● **WORK ITEM**: Copy everything in the data below exactly except the pictures.

● **DATASET EXCERPT**:
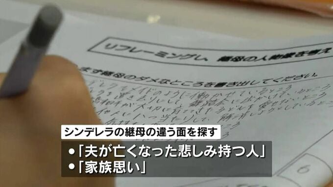 このあと、童話「シンデレラ」を題材に、いじわるな継母の良い面を探すワークショップが行われ、「夫が亡くなった悲しみを抱える人」や「家族思い」などの意見が出されました。
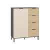 Детский комод Марвэл 4 ящика 1 дверца — практичное решение для хранения разных категорий вещей. Отделение со штангой можно использовать для юбок и брюк от школьных костюмов, а в выдвижных ящиках — разместить белье, ремни, галстуки, шарфы и другие аксессуары. Минималистичная фурнитура позволяет легко открывать и закрывать фасады.
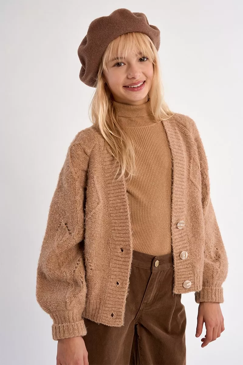 Cárdigan de manga larga abullonada, escote de pico y corte recto. Modelo en punto mezclado y cierre de botones frontal.

● **SOLUTION**:
 このあと、童話「シンデレラ」を題材に、いじわるな継母の良い面を探すワークショップが行われ、「夫が亡くなった悲しみを抱える人」や「家族思い」などの意見が出されました。
 Детский комод Марвэл 4 ящика 1 дверца — практичное решение для хранения разных категорий вещей. Отделение со штангой можно использовать для юбок и брюк от школьных костюмов, а в выдвижных ящиках — разместить белье, ремни, галстуки, шарфы и другие аксессуары. Минималистичная фурнитура позволяет легко открывать и закрывать фасады.
 Cárdigan de manga larga abullonada, escote de pico y corte recto. Modelo en punto mezclado y cierre de botones frontal.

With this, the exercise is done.